Faces from the “Happy” and “Disgust” classes were the most easily detected, with accuracy values of 82.8% and 81.9%, respectively. On the other hand, the classes “Neutral” and “Sad” exhibited identification rates of only 53.7 and 61.7%. The values obtained for the “neutral” class are surprising, since this is the most prevalent class/emotion and it represents the reference expression to estimate the others, according with FACS system. For this reason, the correct classification of this expression should not be poorly performed, nor should it constitute a challenging problem for a computer-vision system. This may be the result of factors such as pose, lighting conditions or partial representation, conditions that should be correctly handled by the system but, since there is no reference meta-information, this is an unexplored dimension of the challenge.

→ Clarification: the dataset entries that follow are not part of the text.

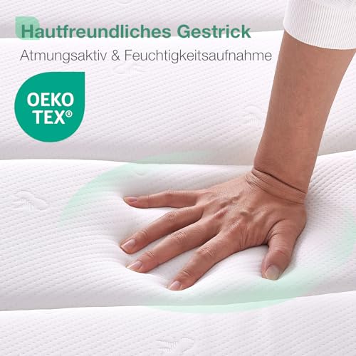 HAUTFREUNDLICHER OEKO-TEX-Stoff: Unser Stoff wurde auf Pilling getestet und ist OEKO-TEX-zertifiziert. Hautfreundlich, weich und atmungsaktiv, besonders geeignet für Personen, die leicht schwitzen, um ihnen eine kühle Nacht zu ermöglichen. Zudem ist er strapazierfähig und verlängert die Lebensdauer der Matratze.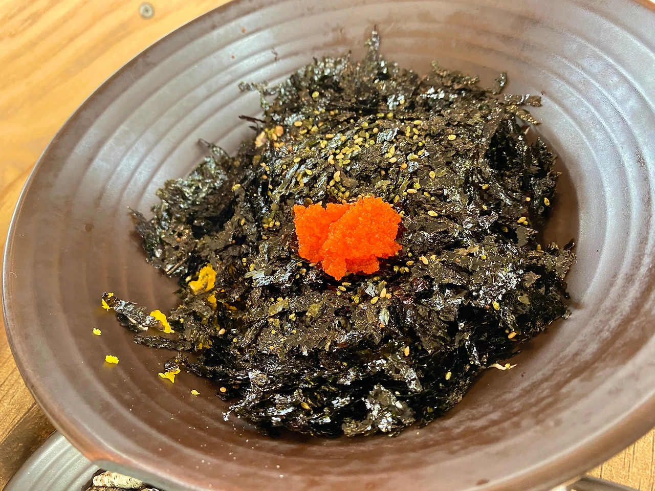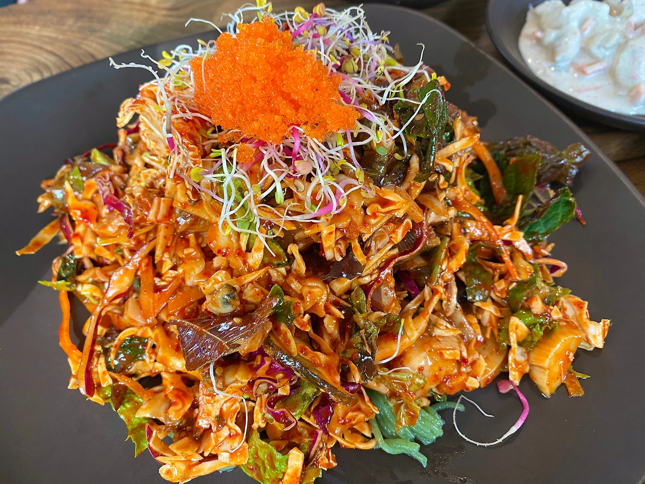 소라도 살이 달달하니 맛나다. 더불어 아래에 깔린 초록의 해초면. 곤약면인가, 해초면인가? 가사리 같은 느낌도 드는데, 굉장히 부담 없는 식감의 가벼운 면. 시판면인 것 같지만 무침과 조화롭게 어우러져 좋다. 센스가 굉장하다.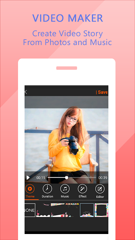 Video Editor Frame is one of the best video editor, photo slideshow maker and movie editing apps in Android Store. With this app, you can easiest way to create, edit your video story from gallery photos. We are trying to build an all-in-one video editor as: Text, Music, Theme, Effects, Frames... Everything you need to make an awesome video.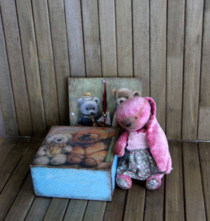 Надеюсь, ее теддики в стиле винтаж и тортюр будут хорошо себя чувствовать в окружении этих декупажных вещиц.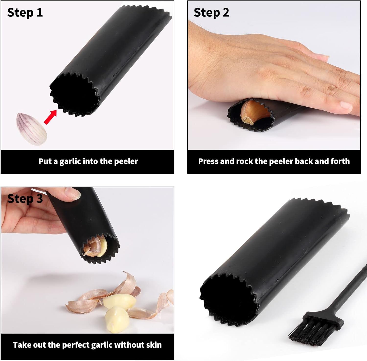 • COMPLETE SET: Each set has 2 Garlic Press Rockers, 2 Peelers, 2 Scrapers and 2 Brushes. Both garlic crushing and cleaning are efficient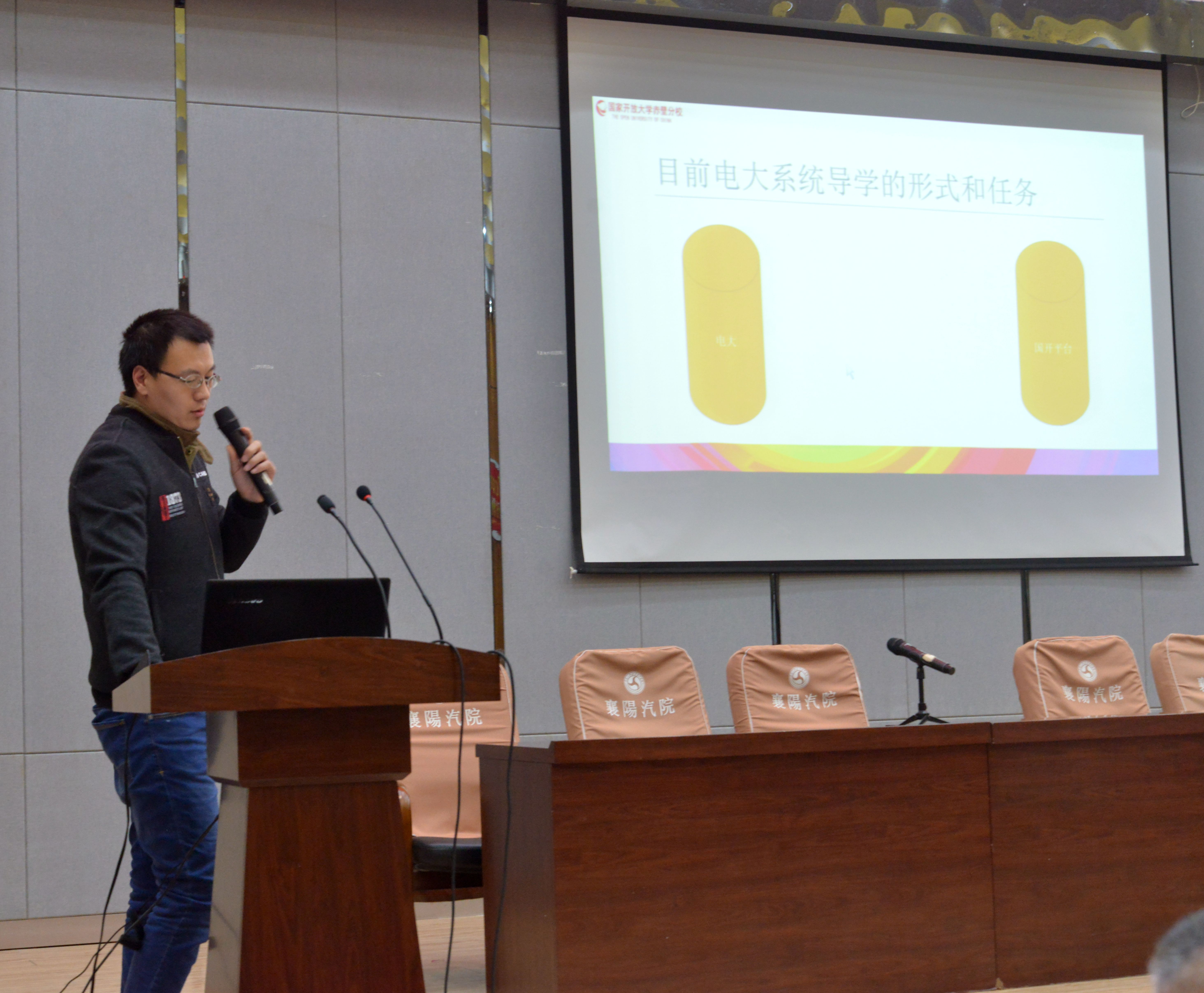 此次系统会议特邀请到咸宁赤壁电大句宏亮老师,以他长年从事开放教育导学的优秀做法和经验做了详细的介绍。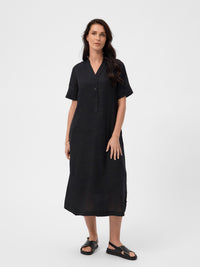 • Løft din garderobe med Dannie Kjole, en tidløs kombination af stil og komfort. Fremstillet af en eksklusiv blanding af hør og viskose, tilbyder den både holdbarhed og en behagelig pasform, perfekt til alt fra familieudflugter til afslappede møder.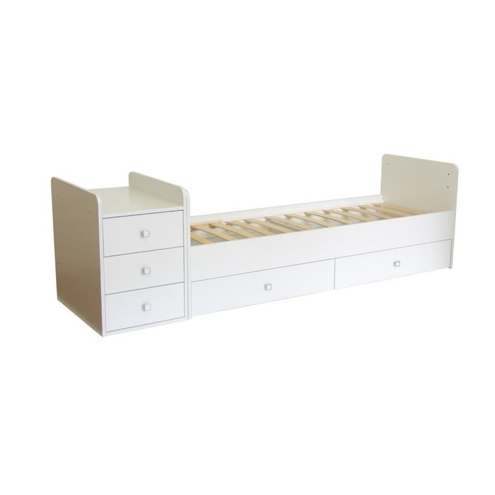 Кроватка детская - трансформер «Фея 1100» с пеленальным комодом и механизмом качания. Кроватки-трансформеры подходят в первую очередь, для квартир с небольшой площадью. Под кроваткой 2 выдвижных ящика, позволяющих удобно разместить вещи и игрушки малыша на небольшом пространстве.

4.2. Facial Emotion Classification

After face detection, the next stage consists of classifying the respective emotion. To perform the facial emotion classification benchmark, we have calculated the confusion matrices using the pictures without masks and with mask, based on the pictures where a face was detected (numbers in Table 3, column FD). The obtained results are represented in Figure 4, left and right, respectively. For the original dataset, happy faces were the most successfully classified, reaching an 88.8% success rate. As for face detection, neutral was shown to be the most difficult facial emotion to classify, reaching only 59.3%, and with high confusion rates with “fear” (11.0%), “sad” (10.0%) and “happy” (8.3%). This is a deceptive result since, not only because, in most cases, an individual is not exhibiting a marked expression, but also due to the fact that neutral can be used as the reference state from which other emotions can be estimated by observing facial dynamics. Facially expressed “fear”, the emotion that involves the highest number of muscles activated, is ranked third in terms of success. For the dataset with superimposed masks (Figure 4, right), we can observe a high performance decline for all emotions. The classifier performed best for “surprise” (42.8%) and “happy” (32.4%) and worst for “angry” (25.2%) and “disgust” (26.6). “Neutral” was the least affected in absolute terms, with a 29.2% decline, and “surprise” was the least affected in relative terms. This was an expected result, since the masks hide important expression landmarks; however, eyes and eye brows, which are important cues, remain visible. “Angry” and “surprise”, facial expressions that have limited landmarks on the areas covered by the mask have been highly impacted. This seems to point out that the algorithm’s classification strategy heavily relies on this information, or that the higher displacement of the lips and chin are more informative. By considering both confusion matrices, we can observe that “surprise” and “happy” are the facial expressions that are better classified overall.

Detailed information, comprising precision, recall and F1-metrics, are shown in absolute values in Table 3. The precision and F1-score, were most affected in the “disgust” class, with 17.2% and 22.6% performance after the addition of the facial mask. On the other hand, “surprise” was the easiest emotion to classify in the simulated mask conditions, with a 47.8% reduction in F1-score, when compared with an uncovered face.

5. Conclusions

Emotions are crucial for a natural and successful interaction between humans and between humans and machines. They convey important paralinguistic and pragmatic information that allows interlocutors to adapt their dialog and communication intentions. In recent years, the use of facial masks in social contexts has hindered the ability to observe important visual clues that allow us to identify facial emotions, both for humans and machines. In this paper, we have presented a benchmark for DeepFace, a freely available CNN-based facial emotion classification system. The results show that both stages, face detection and emotion classification, can still be highly improved (in the context of the tested dataset). Only half or less of the expressed emotions were correctly identified when a mask was used, exposing the limitation of such systems. The importance of facial landmarks used in the representation of emotions has explainable models [22] and the obtained results can help to understand the relative contribution of each aspect to achieve an effective classification of facial emotions.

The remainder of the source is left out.